CEO dan Presiden Direktur Vale Indonesia Febriany Eddy mengungkapkan pada semester II-2024 INCO akan proaktif mendorong inisiatif penghematan biaya untuk memastikan biaya tunai per unit tetap kompetitif dalam upaya menghasilkan margin yang sehat. Dengan perubahan komposisi pemegang saham baru-baru ini, INCO melihat banyak ruang untuk memanfaatkan inisiatif strategis.

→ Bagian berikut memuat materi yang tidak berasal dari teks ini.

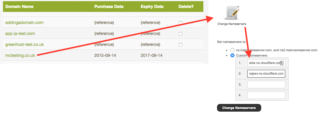** If your domain was registered/transferred from October 2017 onwards (or is a UK domain) then the Change Nameservers icon will now be slightly different but otherwise the process will remain the same. ** If the domain is not registered through Green House Web Hosting then you can make the change to the nameservers through your domain registration service provider.

Langkah ini diharapkan dapat membawa sinergi positif, seperti integrasi pengadaan dalam grup untuk harga komoditas yang lebih baik, dimana hal ini merupakan salah satu penggerak biaya terbesar INCO.
“Meski kondisi pasar tidak menentu, kami tetap berkomitmen mengoptimalkan kapasitas produksi, meningkatkan efisiensi, dan mengurangi biaya, tandas Febriany.
Dari sisi pergerakan harga saham, secara year to date TINS memimpin dengan akumulasi kenaikan harga di level 50%. Diikuti PTBA yang mengakumulasi penguatan sekitar 10%.
Sedangkan pergerakan harga saham ANTM dan INCO masih tertinggal. Laju saham ANTM mengakumulasi penurunan sebanyak -21%, sedangkan INCO turun -10,80% secara year to date hingga pukul 10:02 WIB perdagangan Jum'at (2/8).